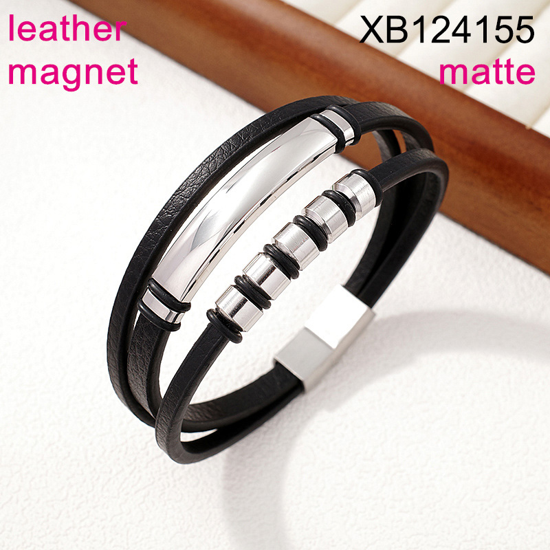 Home > Level B Stainless Steel New Trendy Man Jewelry Three Layer Chain Steel color Magnet buckle Leather Bracelet
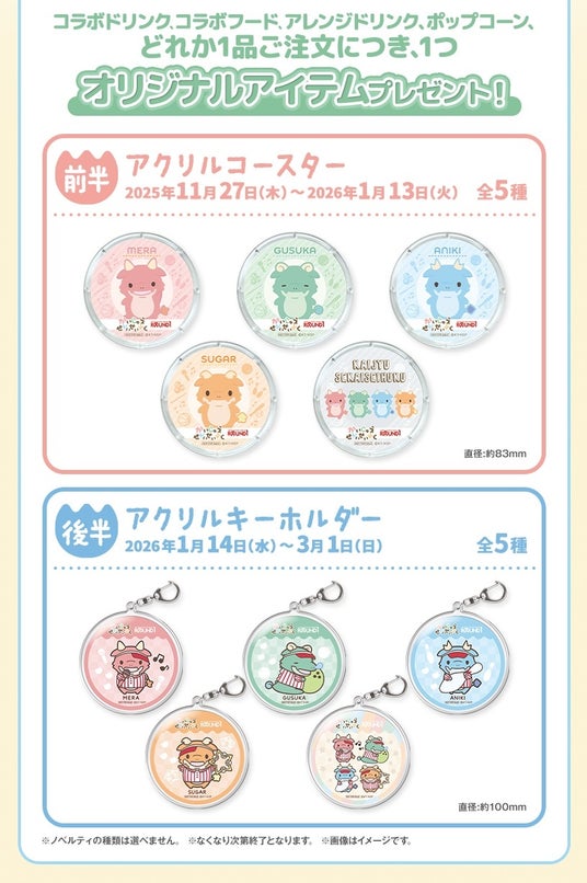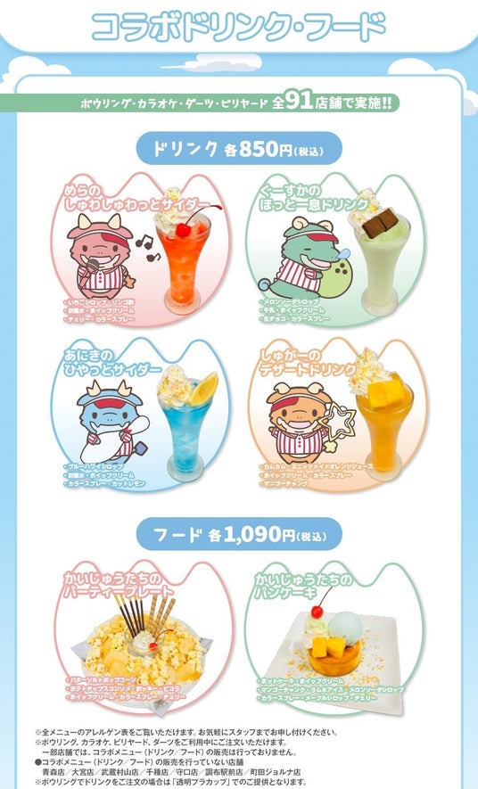 全国のボウリング、カラオケ、ダーツ、ビリヤード全91店舗でコラボドリンク・コラボフードを、スポッチャ全53店舗ではアレンジドリンクとコラボポップコーンを販売いたします。コラボメニューをご注文のお客様には、オリジナルアクリルコースター(全5種)またはオリジナルアクリルキーホルダー(全5種)をプレゼントいたします。
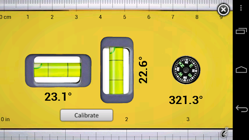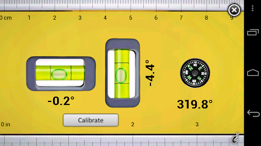 Shows inclination or tilt angle as a spirit level and as a number in degrees. Base angle can be calibrated with a button.

————

● **Activity**
Nothing but the pictures should be left out when the material above is copied.

● **Answer to this task**
 Home > Level B Stainless Steel New Trendy Man Jewelry Three Layer Chain Steel color Magnet buckle Leather Bracelet
 全国のボウリング、カラオケ、ダーツ、ビリヤード全91店舗でコラボドリンク・コラボフードを、スポッチャ全53店舗ではアレンジドリンクとコラボポップコーンを販売いたします。コラボメニューをご注文のお客様には、オリジナルアクリルコースター(全5種)またはオリジナルアクリルキーホルダー(全5種)をプレゼントいたします。
 Shows inclination or tilt angle as a spirit level and as a number in degrees. Base angle can be calibrated with a button.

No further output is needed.